→ Work order
In the entries below, find the line containing "Desde 1998 hasta" and the line containing "值此中华人民共和国成立75周". Copy those two lines and everything between them exactly, without the pictures.

→ Data
_ _ _ _ _
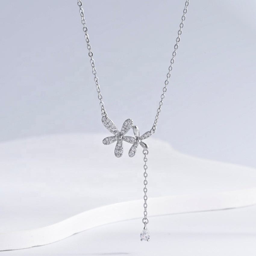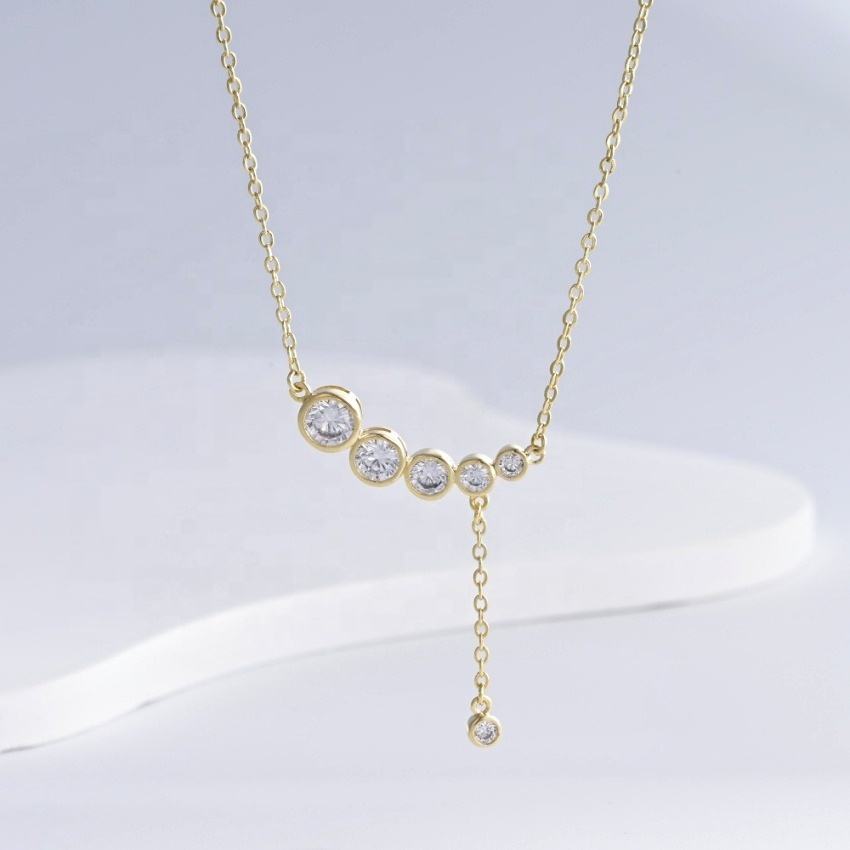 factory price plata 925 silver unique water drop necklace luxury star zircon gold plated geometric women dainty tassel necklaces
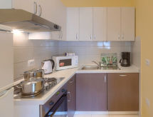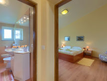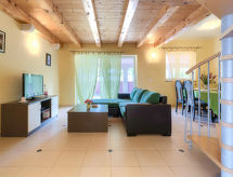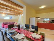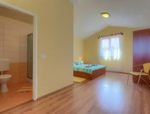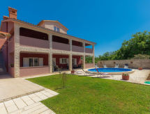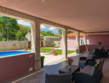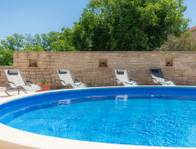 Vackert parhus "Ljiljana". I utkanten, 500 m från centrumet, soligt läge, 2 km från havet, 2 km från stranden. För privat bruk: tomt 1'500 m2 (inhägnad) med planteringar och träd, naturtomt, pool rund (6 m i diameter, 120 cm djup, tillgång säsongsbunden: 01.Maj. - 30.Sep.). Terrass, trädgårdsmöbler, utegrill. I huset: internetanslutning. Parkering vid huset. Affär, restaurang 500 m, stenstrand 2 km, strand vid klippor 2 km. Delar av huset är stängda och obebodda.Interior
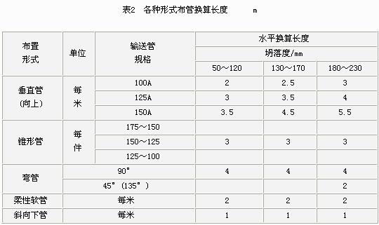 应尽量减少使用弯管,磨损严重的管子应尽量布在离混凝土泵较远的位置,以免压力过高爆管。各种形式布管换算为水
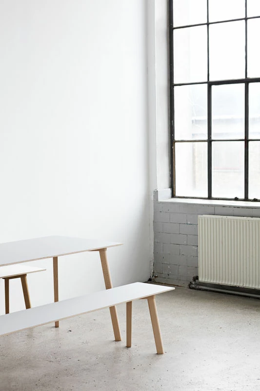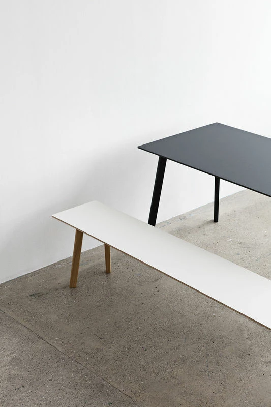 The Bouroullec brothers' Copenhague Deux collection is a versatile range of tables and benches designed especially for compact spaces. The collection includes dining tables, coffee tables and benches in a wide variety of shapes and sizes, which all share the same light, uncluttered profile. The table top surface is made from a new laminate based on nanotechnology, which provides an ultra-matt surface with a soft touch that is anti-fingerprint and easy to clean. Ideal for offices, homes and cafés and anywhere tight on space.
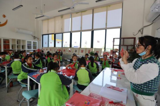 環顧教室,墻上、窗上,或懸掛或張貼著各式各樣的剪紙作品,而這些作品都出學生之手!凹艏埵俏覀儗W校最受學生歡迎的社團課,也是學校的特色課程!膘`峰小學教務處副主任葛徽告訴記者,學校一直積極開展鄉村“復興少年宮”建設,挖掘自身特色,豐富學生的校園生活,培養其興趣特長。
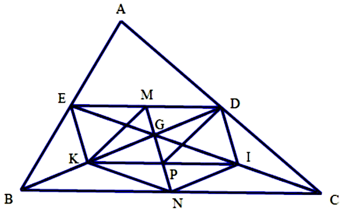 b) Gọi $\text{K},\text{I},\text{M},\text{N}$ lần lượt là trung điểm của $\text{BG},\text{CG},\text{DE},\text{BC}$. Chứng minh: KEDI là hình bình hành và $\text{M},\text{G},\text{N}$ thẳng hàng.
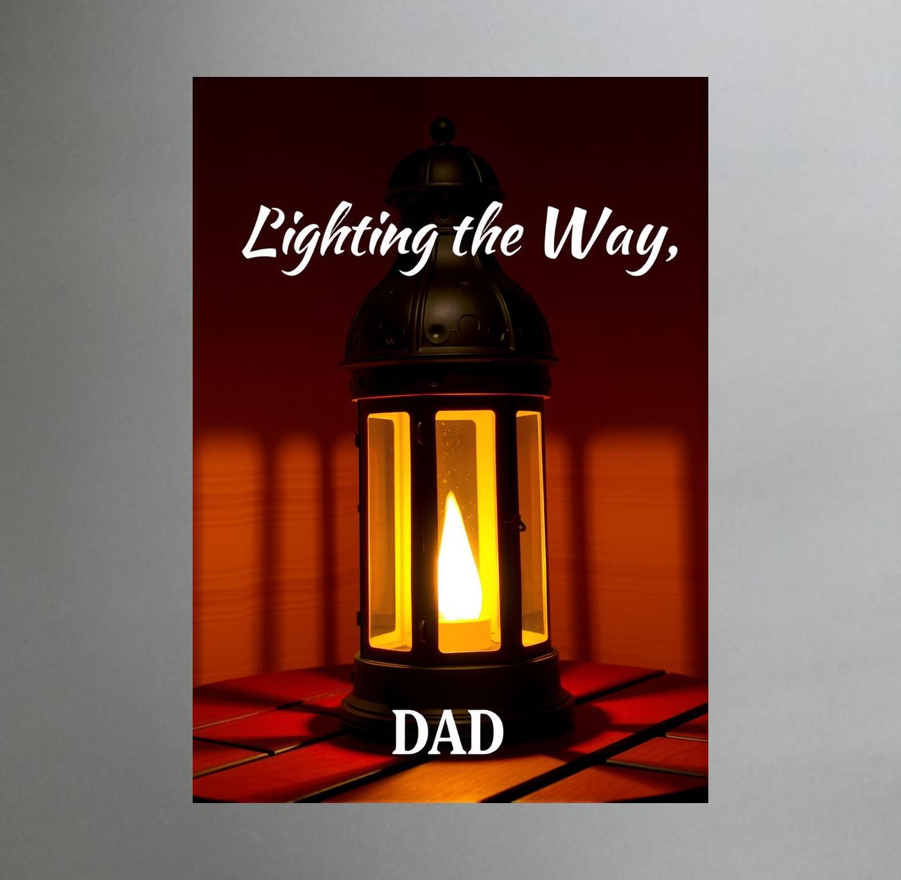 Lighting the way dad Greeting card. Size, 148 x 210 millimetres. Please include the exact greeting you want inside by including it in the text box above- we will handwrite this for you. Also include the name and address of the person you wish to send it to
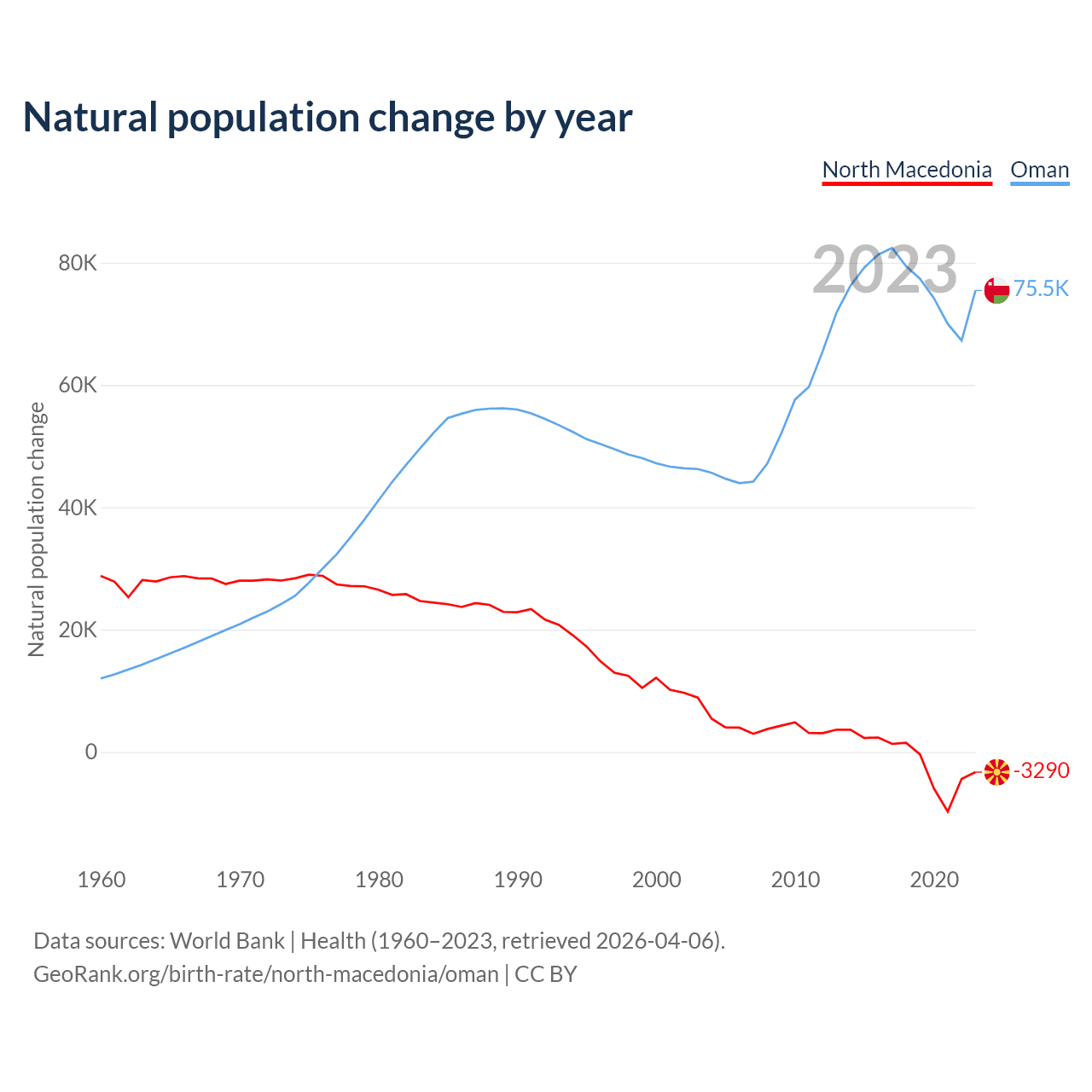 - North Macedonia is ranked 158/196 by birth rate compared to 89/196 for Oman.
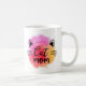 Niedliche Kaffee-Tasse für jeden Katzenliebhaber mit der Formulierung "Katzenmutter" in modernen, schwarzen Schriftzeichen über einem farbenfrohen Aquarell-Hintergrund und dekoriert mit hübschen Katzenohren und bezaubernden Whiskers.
_ _ _ _ _
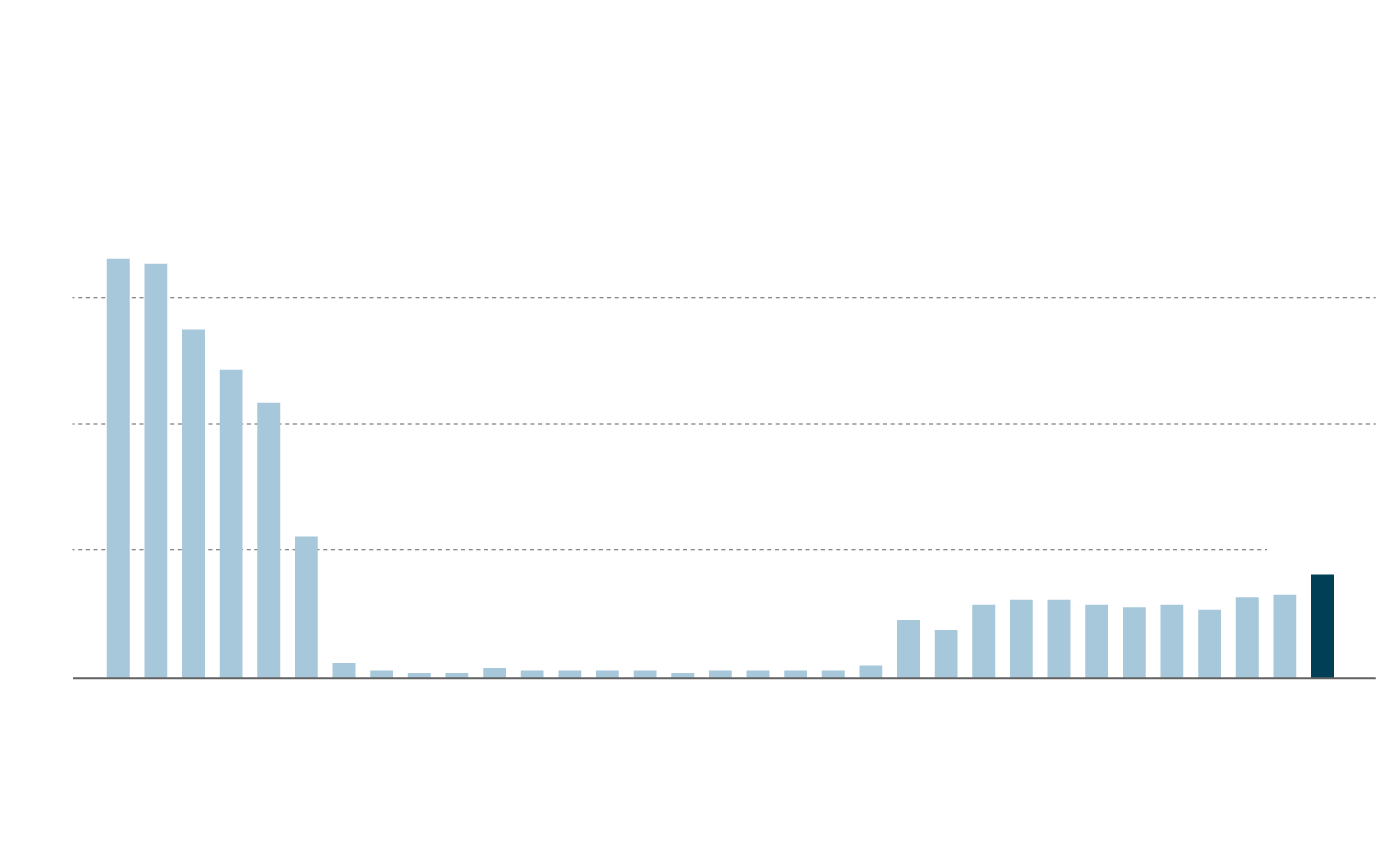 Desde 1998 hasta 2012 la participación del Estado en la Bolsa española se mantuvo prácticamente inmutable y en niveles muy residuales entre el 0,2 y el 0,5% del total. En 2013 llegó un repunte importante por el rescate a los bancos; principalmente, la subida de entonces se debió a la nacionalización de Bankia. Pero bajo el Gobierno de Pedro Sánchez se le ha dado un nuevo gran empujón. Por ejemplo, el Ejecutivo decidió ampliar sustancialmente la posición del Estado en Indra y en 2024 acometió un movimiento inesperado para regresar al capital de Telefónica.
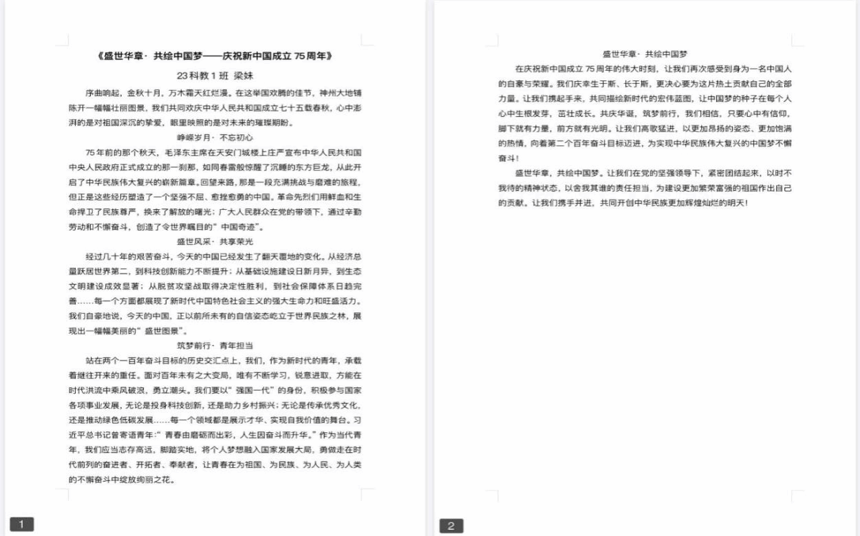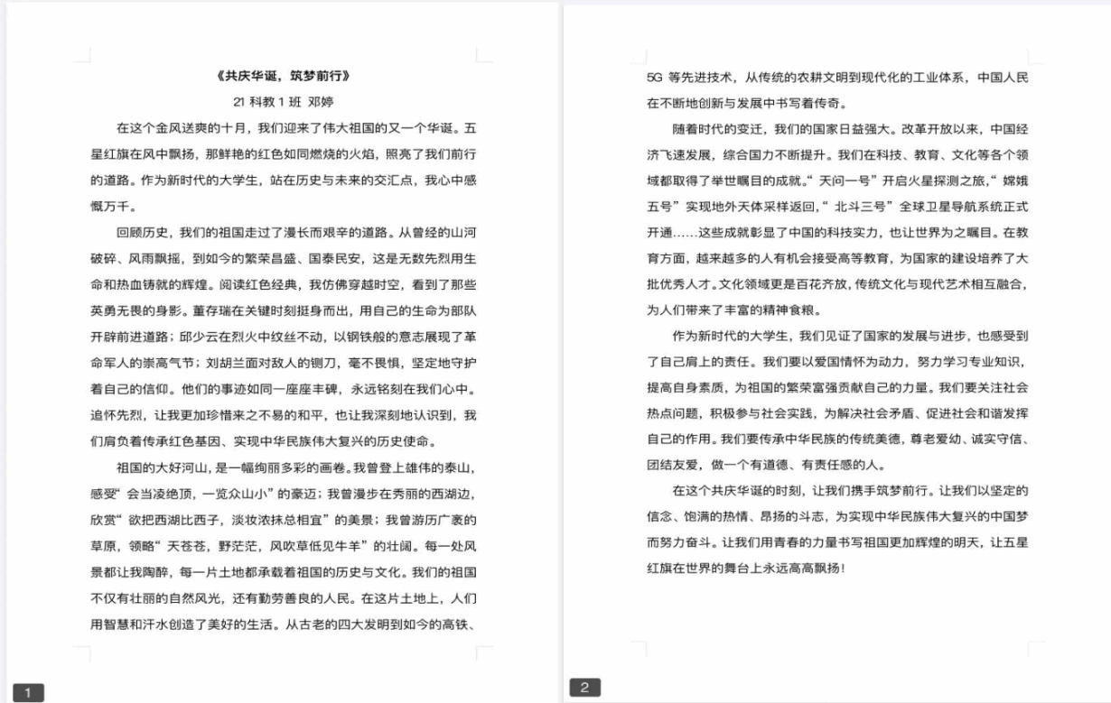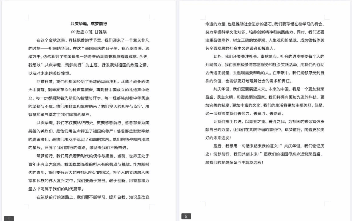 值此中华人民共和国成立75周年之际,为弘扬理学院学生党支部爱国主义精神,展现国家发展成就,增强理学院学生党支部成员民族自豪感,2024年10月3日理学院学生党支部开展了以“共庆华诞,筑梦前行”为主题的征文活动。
_ _ _ _ _
→ Completed exercise
 Desde 1998 hasta 2012 la participación del Estado en la Bolsa española se mantuvo prácticamente inmutable y en niveles muy residuales entre el 0,2 y el 0,5% del total. En 2013 llegó un repunte importante por el rescate a los bancos; principalmente, la subida de entonces se debió a la nacionalización de Bankia. Pero bajo el Gobierno de Pedro Sánchez se le ha dado un nuevo gran empujón. Por ejemplo, el Ejecutivo decidió ampliar sustancialmente la posición del Estado en Indra y en 2024 acometió un movimiento inesperado para regresar al capital de Telefónica.
 值此中华人民共和国成立75周年之际,为弘扬理学院学生党支部爱国主义精神,展现国家发展成就,增强理学院学生党支部成员民族自豪感,2024年10月3日理学院学生党支部开展了以“共庆华诞,筑梦前行”为主题的征文活动。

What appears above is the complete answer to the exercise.